Pelosi backs ending congressional control over debt limit

FILE – In this file photo from Thursday, Sept. 23, 2021, Speaker of the House Nancy Pelosi, D-Calif., center, joined from left by Treasury Secretary Janet Yellen and Senate Majority Leader Chuck Schumer, D-N.Y., updates reporters on Democratic efforts to pass President Joe Biden’s “Build Back Better” package, at the Capitol in Washington. It’s a consequential week for Biden, Schumer and Pelosi as the Democratic leaders work to round up votes to pass their agenda and avoid a federal shutdown. (AP Photo/J. Scott Applewhite, file) (J. Scott Applewhite/AP)

Pelosi backs ending congressional control over debt limit

Susan Ferrechio October 12, 01:33 PMOctober 12, 01:33 PM

House Speaker Nancy Pelosi on Tuesday signaled support for giving the Treasury Department unilateral authority to raise the debt limit and ending the requirement for congressional approval.

“I do think it has merit,” the California Democrat told reporters.
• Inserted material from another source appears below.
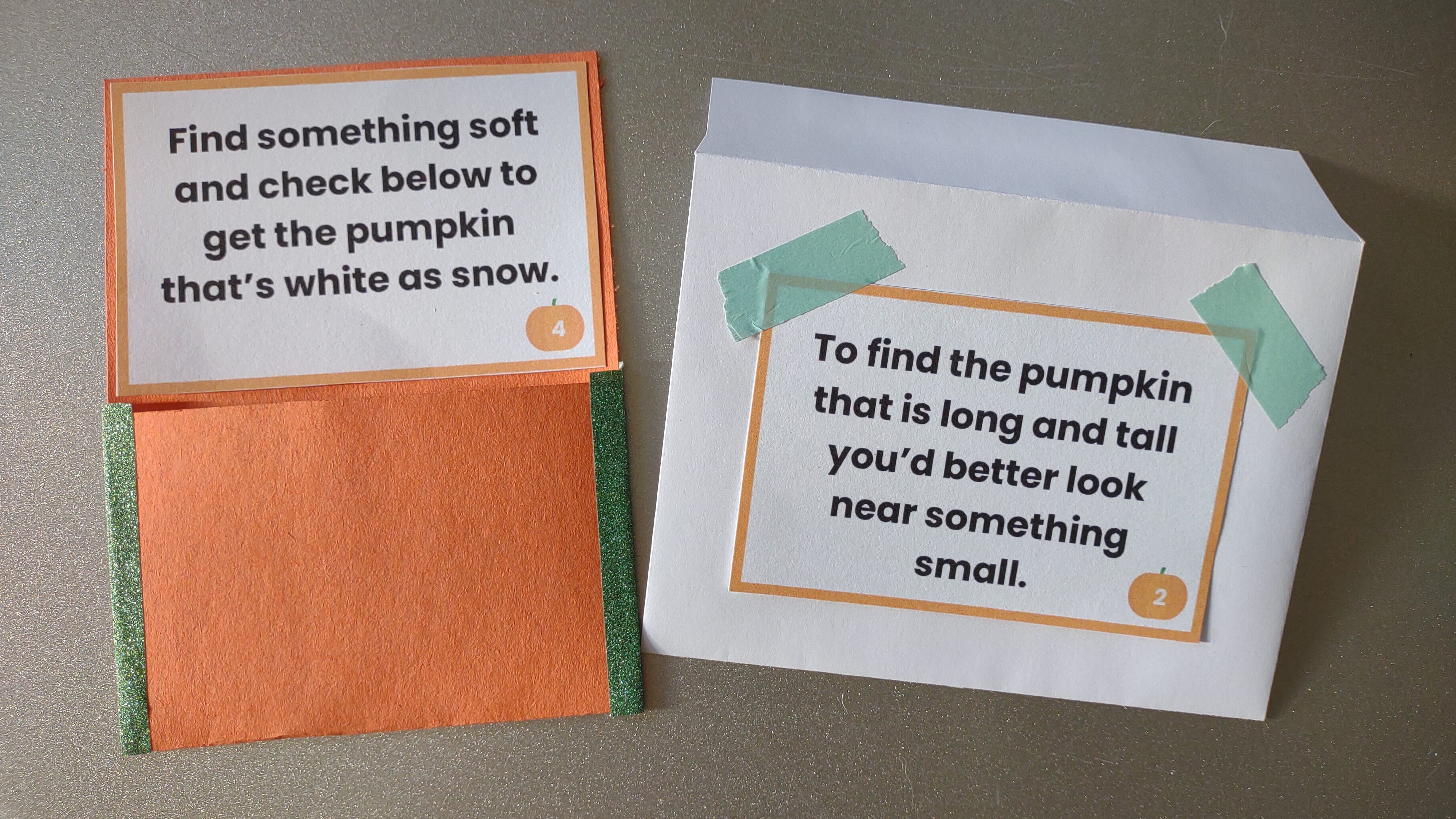 Place your pumpkins inside and that’s it! You can also just tape the clues to an envelope.

Congress has regularly struggled to find enough votes to raise the debt ceiling over the past two decades due to partisan disagreements. Debt ceiling standoffs have in some instances pushed the nation to the brink of economically damaging “fiscal cliffs.”

Democrats were forced to accept a short-term debt limit extension this month after Republicans refused to provide the 10 votes needed in the Senate to give the Treasury Department additional borrowing authority, citing an effort by Democrats to jam through a massive social welfare spending package.
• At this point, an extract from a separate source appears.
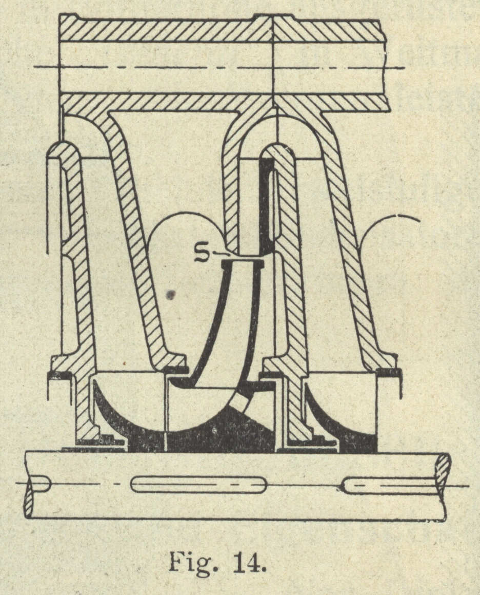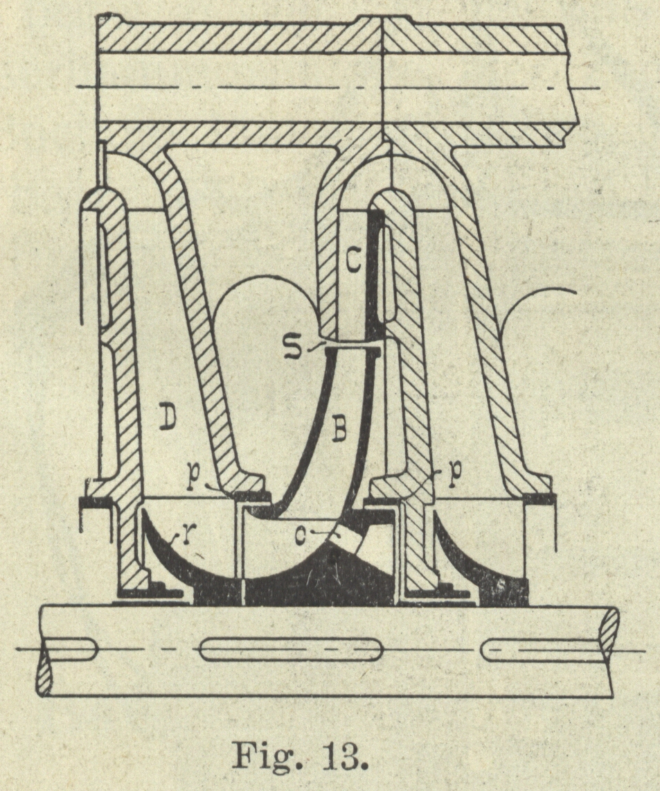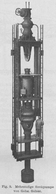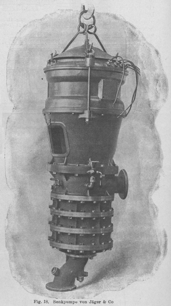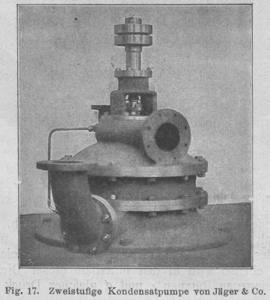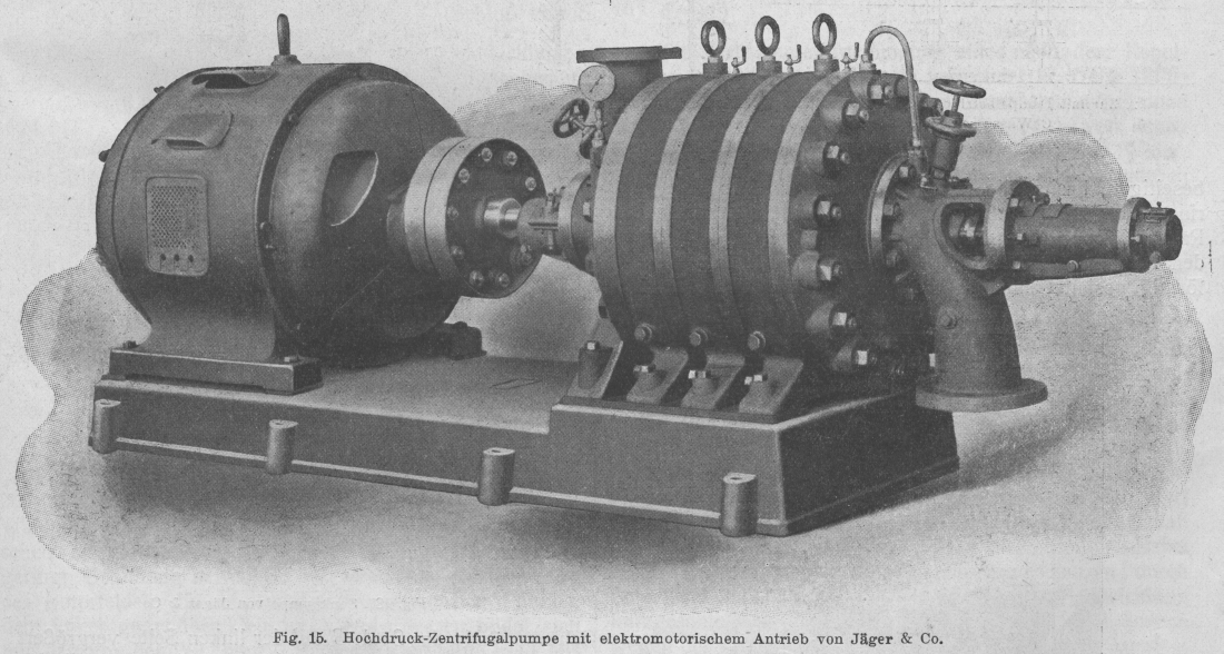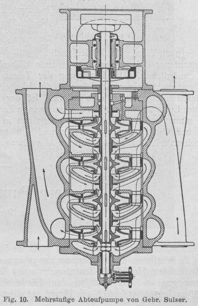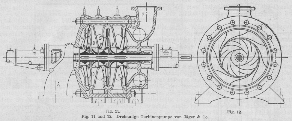 Neuere Pumpen und Kompressoren. Von Prof. Fr. Freytag, Chemnitz. (Fortsetzung von S. 789 d. Bd.) Neuere Pumpen und Kompressoren. Das Verdienst, zuerst und unbeirrt durch die Bedenken, welche die Vertreter der Kolbenpumpensysteme dagegen geltend machten, Hochdruck-Zentrifugalpumpen für große Wassermengen – 7 bis 8 cbm/Min. auf Förderhöhen von über 500 m (monometrisch) – in Dienst gestellt zu haben, gebührt der westfälischen Zeche „Victor“ bei Rauxel. Seitdem die für diese Zeche von Gebr. Sulzer mit Motoren der Allgemeinen Elektrizitätsgesellschaft gelieferte unterirdische Wasserhaltungsanlage vom Beginn der Inbetriebsetzung ohne Störung arbeitete, hat die elektrisch angetriebene Zentrifugalpumpe, besonders auch im Bergbau, eine immer größere Verbreitung gefunden. Während bis vor wenigen Jahren für die zum Antriebe solcher Pumpen dienenden schnellaufenden Motoren 300 bis 400 PS als Höchstleistung galt, sind heute hierfür Motoren von 1100 PS bei 1486 Uml./Min. im Bau.Mitteilung der Allgemeinen Elektrizitätsgesellschaft, Berlin. Textabbildung Bd. 322, S. 804 Fig. 7.Vierstufige Zentrifugalpumpe mit Riemenantrieb von Gebr. Sulzer. An Stelle des elektromotorischen Antriebes kommt häufig auch derjenige mittels Riemen zur Ausführung, da die Pumpen in vielen Fällen den bestehenden Betrieben angepaßt werden müssen. Fig. 7 zeigt eine vierstufige Sulzer-Hochdruck-Zentrifugalpumpe, beider die Riemenrolle zwischen Saugstutzen und einem äußeren Lager angeordnet ist, was die gleichzeitige Ausbildung des ersteren als Lager für die Pumpenwelle erfordert (s. auch Fig. 2). Textabbildung Bd. 322, S. 804 Fig. 8.Hochdruck-Zentrifugalpumpe mit Riemenantrieb von Gebr. Sulzer. Bei der Hochdruck-Zentrifugalpumpe (Fig. 8) trägt die Grundplatte zwei Lagerböcke mit zwischenliegender Riemenrolle. Besonders günstige Wirkungsgrade wurden mit Sulzerschen Senkpumpen erreicht. Eine solche, in Fig. 9 dargestellte, für eine Förderung von 16 cbm/Min. auf 45 m monometrische Förderhöhe gebaute Pumpe ergab mit 1025 minutl. Umdreh. einen Wirkungsgrad von 83 v. H., der unter etwas anderen Betriebsverhältnissen sogar bis auf 84 v. H. anstieg. Die zum Schachtabteufen ausgebildeten Senkpumpen werden, wie die Abbildung erkennen läßt, normal mit einem Drehstrommotor zusammen in ein schmiedeeisernes Gerüst eingebaut; sie erfordern nur einen geringen Raumbedarf und können frei am Seile hängend arbeiten, ohne irgendwelche Einbauten und Verlagerungen im Schachte zu beanspruchen. Textabbildung Bd. 322, S. 804 Fig. 9.Mehrstufige Senkpumpe von Gebr. Sulzer. Textabbildung Bd. 322, S. 804 Fig. 10.Mehrstufige Abteufpumpe von Gebr. Sulzer. Fig. 10 zeigt eine 400pferdige Abteufpumpe von Gebr. Sulzer, die durch vier Laufräder mit zweiseitigem Einlauf bei 975 Umläufen 8 cbm/Min. auf 165 m hebt. Ein Kammlager ist in der Abbildung nicht ersichtlich; es befindet sich oben am Motor. Textabbildung Bd. 322, S. 805 Fig. 11 und 12.Dreistufige Turbinenpumpe von Jäger & Co. Textabbildung Bd. 322, S. 805 Fig. 13 und 14. Einzelteile zur Turbinenpumpe von Jäger & Co. Die von dem Pumpen- und Gebläsewerk C. H. Jäger & Co. in Leipzig-Plagwitz gebauten Zentrifugalpumpen zeichnen sich durch eine ungemein einfache, seit Jahren vorzüglich bewährte Konstruktion aus. Textabbildung Bd. 322, S. 805 Fig. 15.Hochdruck-Zentrifugalpumpe mit elektromotorischem Antrieb von Jäger & Co. Die neuesten Verbesserungen, welche an diesen Pumpen getroffen wurden, beziehen sich auf selbsttätige Einrichtungen zur Beseitigung jeglicher Achsialdrücke, so daß die Wellenlager solche im normalen Betriebe überhaupt nicht mehr aufzunehmen haben. Fig. 11 und 12 zeigen eine dreistufige Turbinenpumpe neuester Bauart der genannten Firma. Die Flüssigkeit tritt durch das Saugrohr A in das erste Schaufelrad B ein, wird hier beschleunigt und im Leitrade C auf höheren Druck gebracht, worauf sie durch den Kanal D in das nächste Schaufelrad gelangt. Der Vorgang wiederholt sich hier, wie auch in dem folgenden Schaufelrade, bis schließlich die Flüssigkeit aus dem Kanal E der Pumpe in den Druckstutzen F derselben gelangt. Da jedes Leitrad mit zugehörigem Laufrad von einem Gehäuseteil umschlossen wird, kann durch Ein- oder Ausschaltung einzelner Stufen die Förderhöhe beliebig geändert werden. Zur Entlastung der im Gegensatz zu der Sulzerschen Turbinenpumpe mit rückwärts gebogenen Schaufeln ausgeführten Laufräder sind zu beiden Seiten jedes Rades am Gehäuse Dichtungsringe pp angebracht, die gegen entsprechende Ringflächen an der Radnabe abdichten. Durch den Spalt S am Umfange jedes Rades wird nun der Druck des Wassers in den Räumen a und b gleichmäßig verteilt; ebenso wird in den innerhalb dieser Dichtungsringe gelegenen Räumen c und d gleicher Druck infolge der Durchbohrungen o in der Radnabe hergestellt. Es ist somit jedes Rad für sich nahezu vollständig entlastet. Textabbildung Bd. 322, S. 806 Fig. 16.Wasserhaltungsanlage der Zeche „General“. A Zur mit Dampfbetriebenen Wasserhaltung, B Rückschlagklappe, C Wasserschieber, D Schalttafel, E Anlasser. Um die durch etwaige ungleiche Abnutzungen der Dichtungsringe auftretenden Achsialdrücke selbsttätig zu beseitigen, besitzt die Welle mit den Laufrädern eine geringe seitliche Verschiebbarkeit. Textabbildung Bd. 322, S. 806 Fig. 17.Zweistufige Kondensatpumpe von Jäger & Co. Der äußere Kranz jedes Rades ist zylindrisch, während die denselben einschließenden Flächen des Deckels bezw. der Gehäusewände kegelförmig gestaltet sind (s. auch Fig. 13 und 14). Erhält die Welle bezw. die Räder aus irgend einem Grunde einen seitlichen Schub, z.B. von rechts nach links, so daß sich das Rad, wie in Fig. 14 angegeben, nach links verschoben hat, so wird durch die kegelförmige Gestaltung der Gehäusewände der Spalt S auf der linken Seite vergrößert und durch das eintretende Druckwasser ein höherer Druck erzeugt werden, der das Laufrad und damit die Welle wieder nach rechts schieb

House lawmakers will reconvene today to pass the short-term extension, which provides the Treasury Department borrowing authority only until Dec. 3.

Pelosi on Tuesday pitched a bill authored by House Budget Committee Chairman John Yarmuth, a Kentucky Democrat, that would give the treasury secretary the power to raise the debt limit without Congress.

Congress could then overrule the decision, but it would require 60 votes in the Senate, a threshold that would almost always require bipartisan support.

“That seems to have some appeal to both sides of the aisle because of the consequences to people of not lifting it,” Pelosi said.

So far, the measure sponsored by Yarmuth, the Debt Ceiling Reform Act, has 14 co-sponsors, but all are Democrats.


Treasury Secretary Janet Yellen warned Congress earlier this month that it must act to raise the debt ceiling by Oct. 18 to avoid risking a U.S. default on its loans, which could trigger an economic crisis.